Your goal
Carry none of the pictures over; write out the complete data exactly.

Supplied data
* * * * *

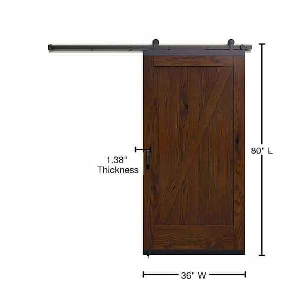 36 in. x 80 in. Karona Z Design Chocolate Stained Rustic White Oak Wood Sliding Barn Door with Hardware Kit
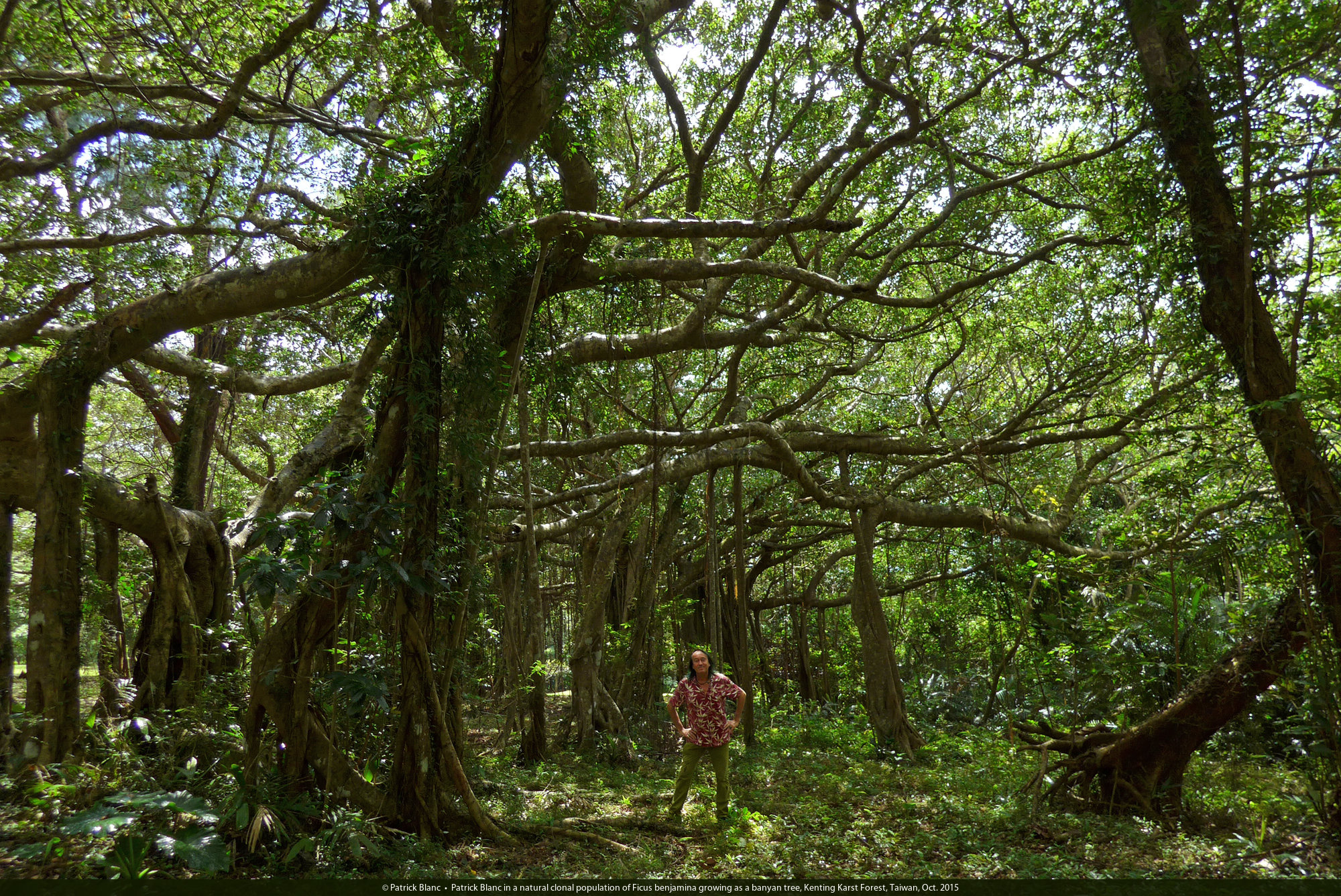 Patrick Blanc in a natural clonal population of Ficus benjamina growing as a banyan tree, Kenting Karst Forest, Taiwan, Oct. 2015
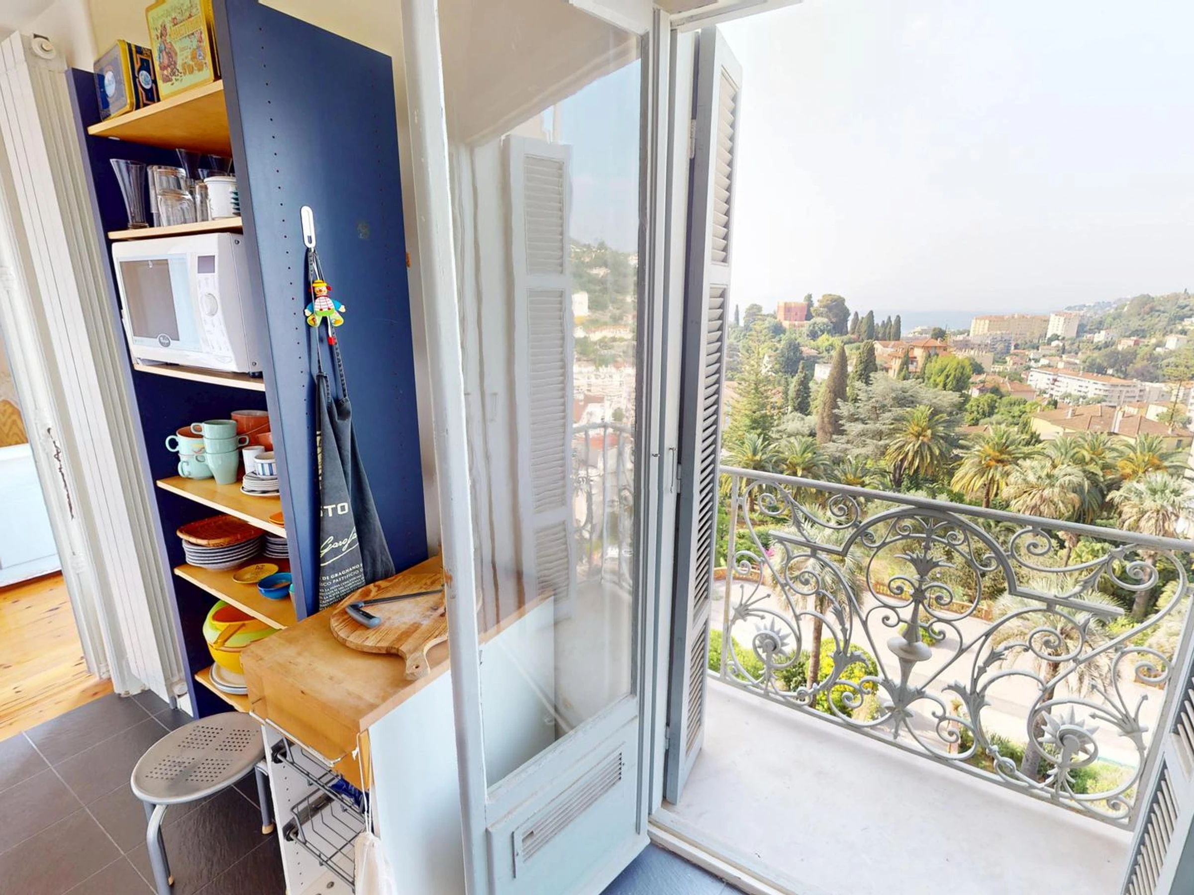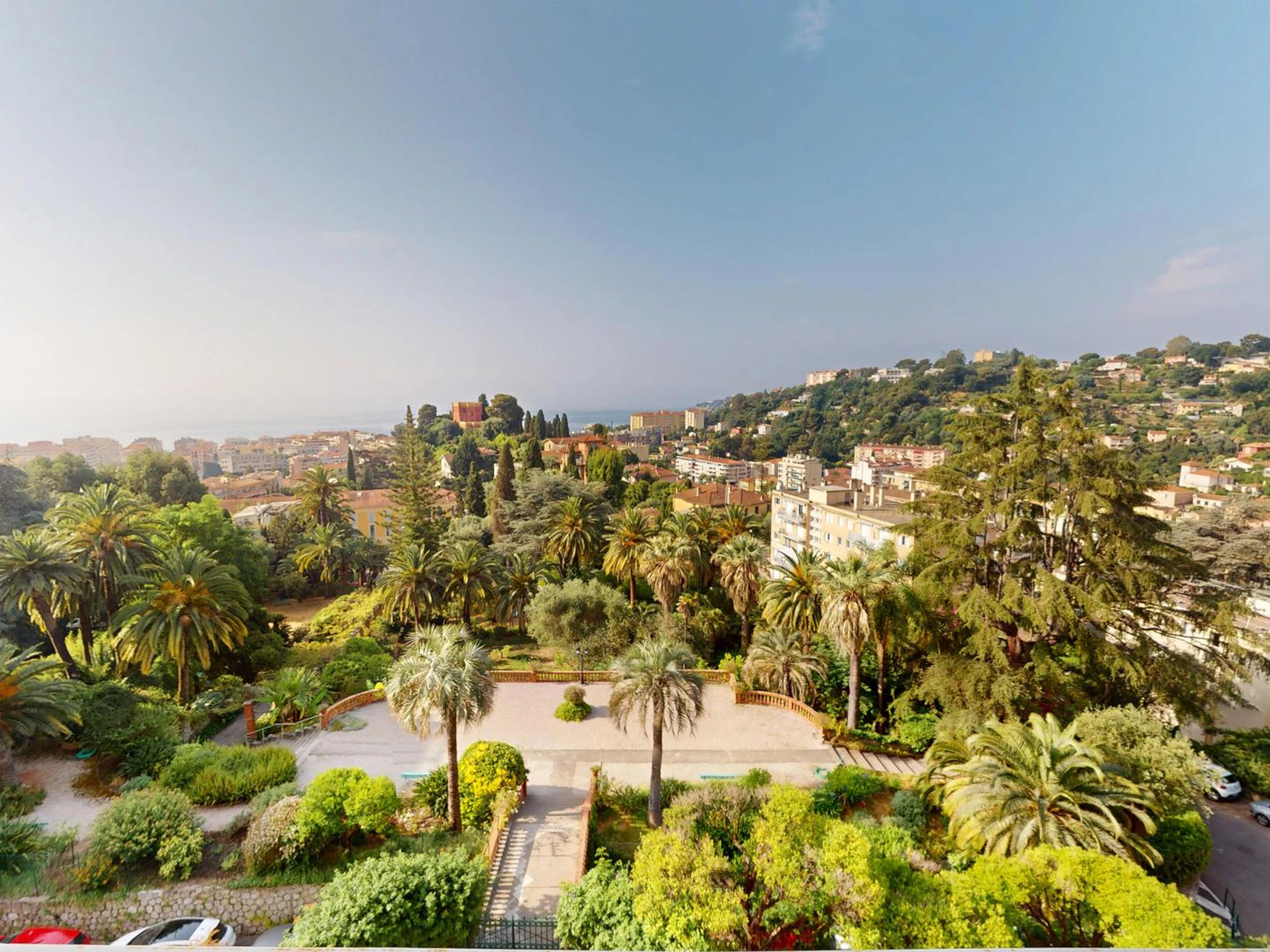 Precioso y espacioso apartamento de 2 dormitorios con vistas al mar en un antiguo palacio con conserje y parque, con vistas a la ciudad de Menton, a 10 minutos a pie del centro.
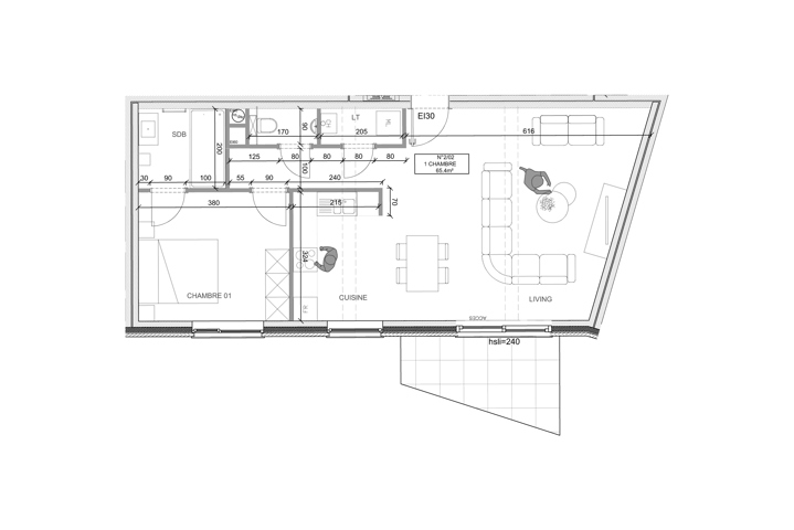 - Agencement : hall, séjour avec cuisine équipée ouverte donnant sur une terrasse, buanderie, wc séparé avec lave-mains, salle de douche, meuble vasque, miroir, 1 chambre

* * * * *

Reply to the task
 36 in. x 80 in. Karona Z Design Chocolate Stained Rustic White Oak Wood Sliding Barn Door with Hardware Kit
 Patrick Blanc in a natural clonal population of Ficus benjamina growing as a banyan tree, Kenting Karst Forest, Taiwan, Oct. 2015
 Precioso y espacioso apartamento de 2 dormitorios con vistas al mar en un antiguo palacio con conserje y parque, con vistas a la ciudad de Menton, a 10 minutos a pie del centro.
 - Agencement : hall, séjour avec cuisine équipée ouverte donnant sur une terrasse, buanderie, wc séparé avec lave-mains, salle de douche, meuble vasque, miroir, 1 chambre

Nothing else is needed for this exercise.